Smurfit Kappa Group plc has today announced results for the 3 months ending 31 March 2013

First Quarter Highlights

  • Improving corrugated demand and paper price increases should support corrugated price increases in the second half of 2013
  • SK Orange County (‘SKOC’) integration and performance ahead of expectations. Synergy estimates doubled to US$28 million
  • EBITDA margins in the Americas return to their historical range
  • Proposed final 2012 dividend of 20.5 cent to be paid on 10 May

Performance Review & Outlook

Gary McGann, Smurfit Kappa Group CEO, commented: “The Group is pleased to report year-on-year revenue growth of 4% in the first quarter. Despite a number of one-off costs, EBITDA for the first quarter remained strong at €241 million. SKG’s performance reflects the previously guided margin compression in Europe following OCC and recycled paper price increases which are not yet reflected in corrugated pricing.

A €40 per tonne recycled paper price increase in Europe during the quarter supports corrugated pricing. Input costs including OCC continue to move upwards. Paper price increases and a good inventory position across Europe are creating an environment for corrugated price recovery in the second half of 2013.

The performance of SKOC and the progress of its integration into the Group has exceeded our original expectations. We have doubled our synergy expectations from US$14 million to US$28 million. Over US$9 million of this synergy target will be delivered in 2013 compared to US$6 million in the original pro-forma calculation. Additionally, the trading performance of the business has been significantly helped by the implementation of two paper price increases in the United States within an eight month period, with consequent increases in corrugated prices in the US and Mexican markets.

The overall performance of the Americas segment has resulted in the region returning towards its historic EBITDA margin range. Our objective is to increase our exposure to higher growth markets such as the Americas. In the period the region delivered over 27% of Group EBITDA.

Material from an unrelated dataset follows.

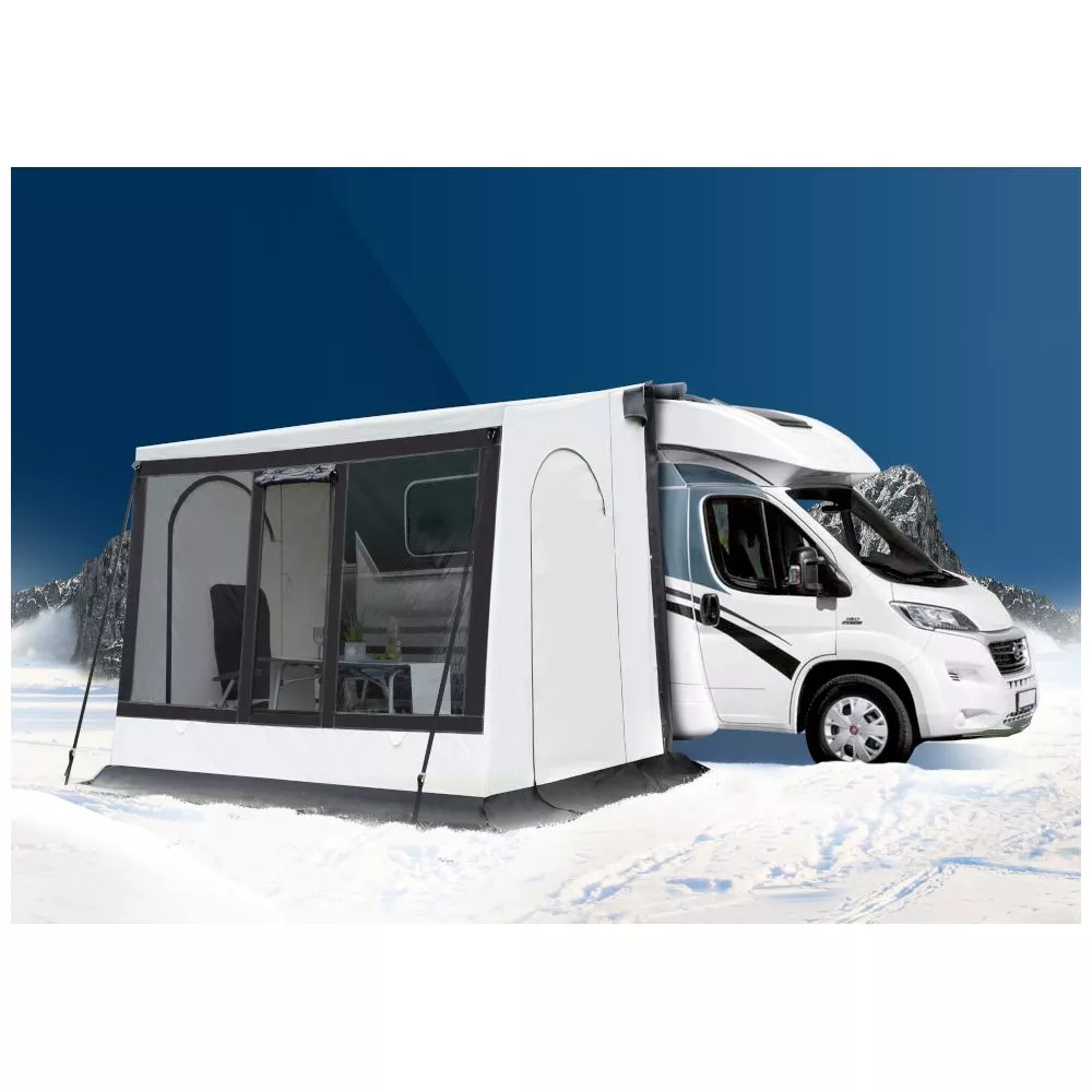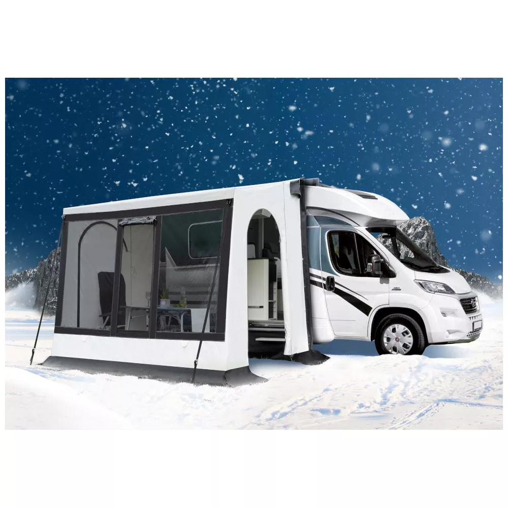 Schlechtes Wetter? Wigo bietet dir mit dem freistehenden Inuit Blizzard genau das passende Vorzelt! – Wintercamping ist wirklich nichts für Weicheier. Dennoch muss die Ausrüstung stimmen und mit diesem Wintervorzelt machst du in jedem Fall alles richtig. Seine Anstellhöhe von bis zu 298 cm ermöglicht dir dieses Teilzelt auch an grösseren Reisemobilen oder Kastenwagen aufzubauen.

As part of our previously announced strategic investment in the Townsend Hook mill in the UK, we are accelerating the closure of the two existing paper machines at the mill. They have a combined capacity of 250,000 tonnes and are expected to close on 1 July 2013, after the completion of a consultation process with all employees, instead of 2014 as originally planned. We are bringing forward the closure in order to extend the training period for our workforce, advance the start-up of the new paper machine and increase the pace of the expected ramp up. The approximate £100 million (€114 million) investment involves the rebuilding of the machine acquired from the Cadidavid liquidator in 2011 into one 250,000 tonne modern lightweight machine which will now be operational by the fourth quarter of 2014 rather than the first quarter of 2015. This investment will significantly increase productivity and lower costs in our UK business.

SKG’s integrated operations and an unrelenting focus on efficiency continue to deliver a consistent and quality earnings stream. This, in turn, has contributed to a substantially improved capital structure with net debt reduction of €190 million in the past 24 months. Our net debt to EBITDA multiple is and will remain within our stated range of 3.0x through an industry cycle. The strength of our business today has increased the available range of strategic and financial options to drive value. 

  Q1 2013 Results - Press Release

Forward looking statements

Some statements in this announcement are forward-looking. They represent expectations for the Group’s business, and involve risks and uncertainties.

These forward-looking statements are based on current expectations and projections about future events.

The Group believes that current expectations and assumptions with respect to these forward–looking statements are reasonable.

However, because they involve known and unknown risks, uncertainties and other factors, which are in some cases beyond the Group’s control, actual results or performance may differ materially from those expressed or implied by such forward-looking statements.